Pulitzer Prize-winning Journalist Speaks on Election Implications
By TERESA WINCHESTER
ONEONTA
On Monday, November 18, Pulitzer Prize-winning journalist David Shribman spoke at Hartwick College. His talk was sponsored by the Hartwick Institute of Public Service.
Shribman embodies a lifetime of work at leading newspapers (“The New York Times,” “The Boston Globe,” “The Wall Street Journal”), holding top positions at each one. As Washington Bureau Chief for “The Boston Globe,” he won the 1995 Pulitzer Prize for “Beat Reporting” on American political culture.

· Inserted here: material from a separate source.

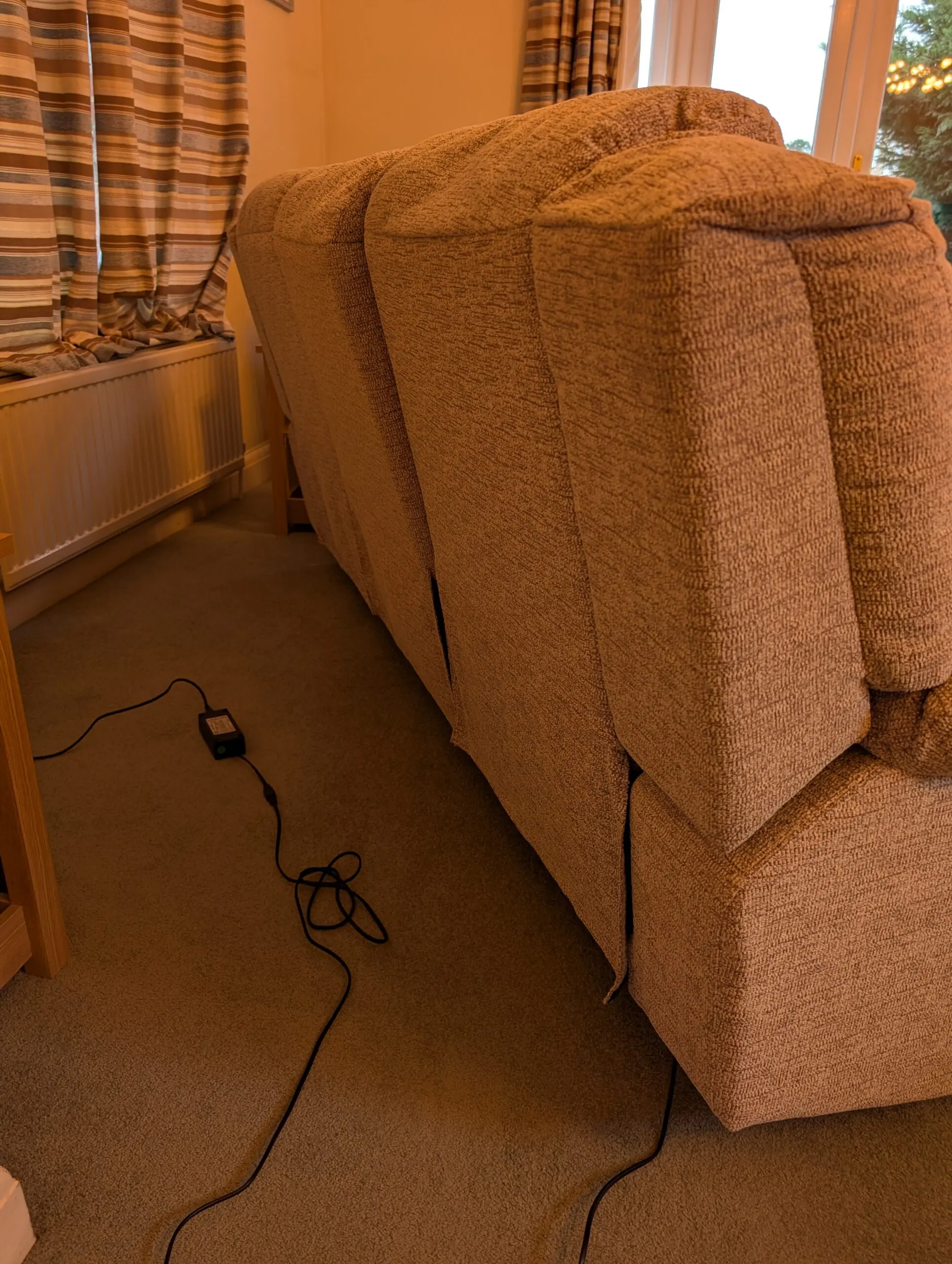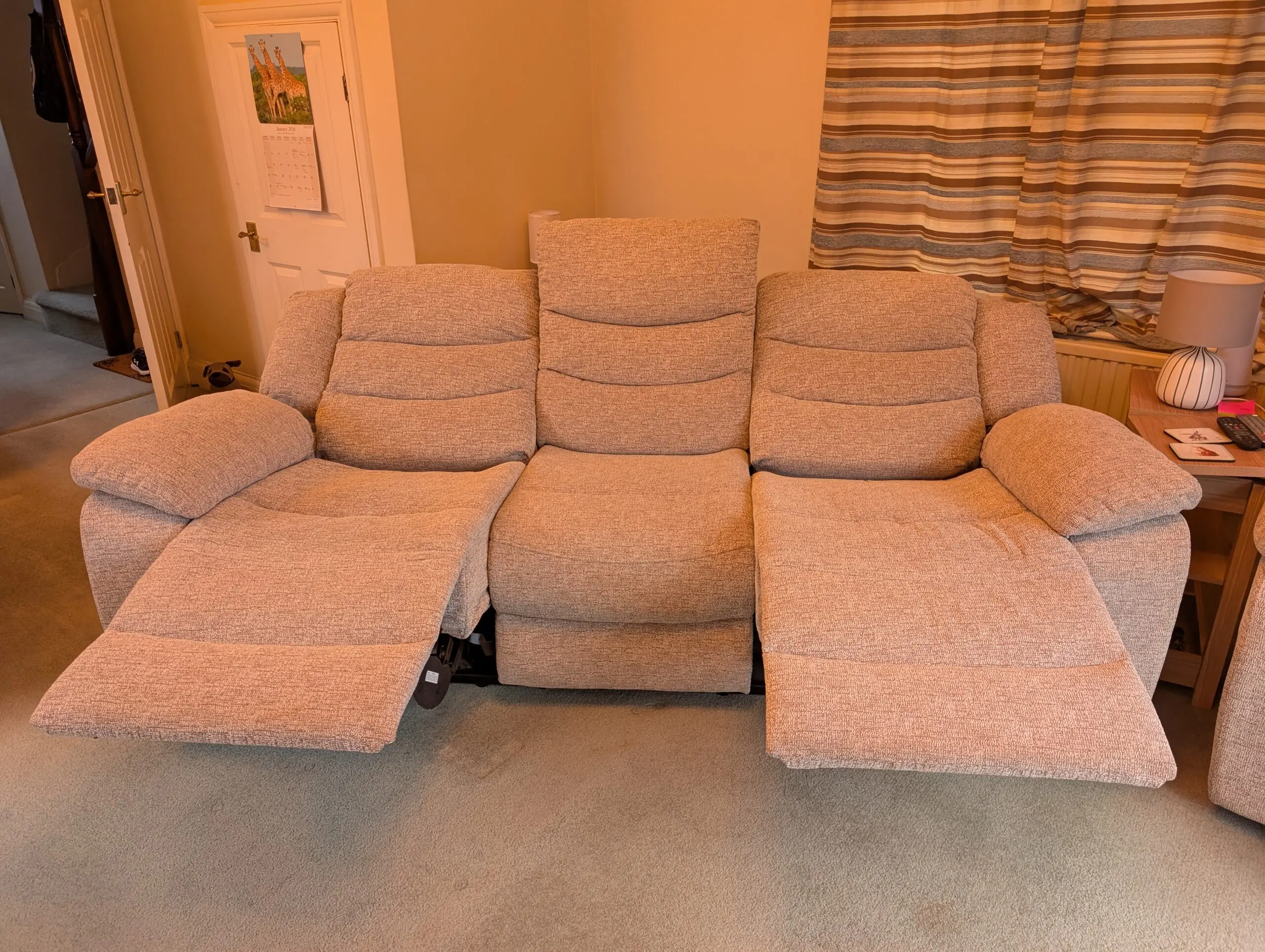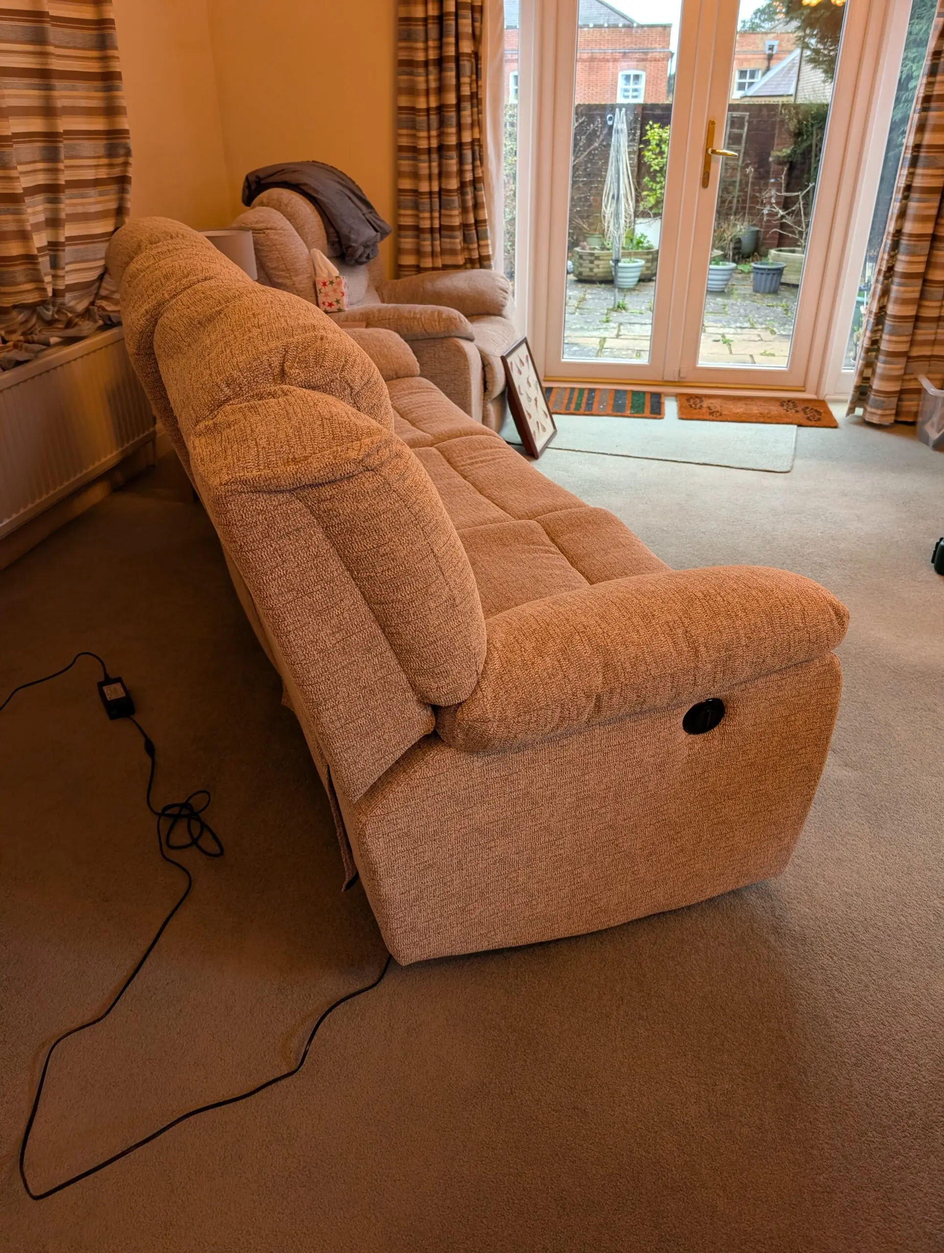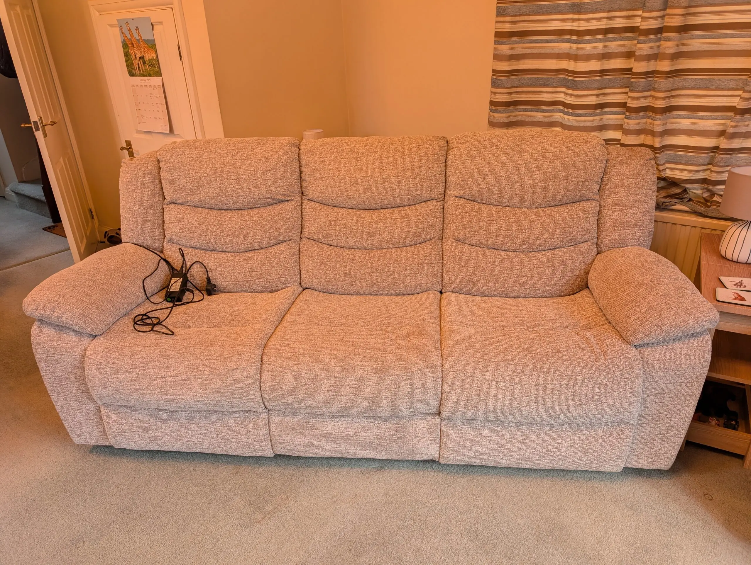 A grey, 3 seater electric la-z-boy 3 seater recliner sofa in grey. In excellent condition, barely used. The two end seats both recline (extends the depth to 160cm when fully reclined).

In 2019, following the shooting massacre at the Tree of Life synagogue in Pittsburgh, Shribman, then executive editor of the “Pittsburgh Post-Gazette,” published a front-page, full-width headline, in Hebrew-Aramaic, of the opening of the Jewish prayer of mourning. The Post-Gazette subsequently won a Pulitzer Prize for “Breaking News Reporting” for coverage of the massacre.
Shribman is currently executive editor emeritus of the “Pittsburgh Post-Gazette” and the J.W. McConnell Professor of Practice at the Max Bell School of Public Policy at McGill University. He also writes a weekly column, “My Point,” syndicated throughout the United States, and a biweekly column for “The Globe and Mail,” a Canadian daily newspaper.
Shribman’s talk, relatively brief and rapidly delivered, nonetheless revealed his encyclopedic knowledge of American history and the American political landscape. He easily drew upon more obscure historic occurrences and pithy quotes to make a point, for instance, when he quoted German Chancellor Otto von Bismarck (1815-1898) as saying, “The Lord gives his providential protection to drunkards, the mentally ill, and the USA.”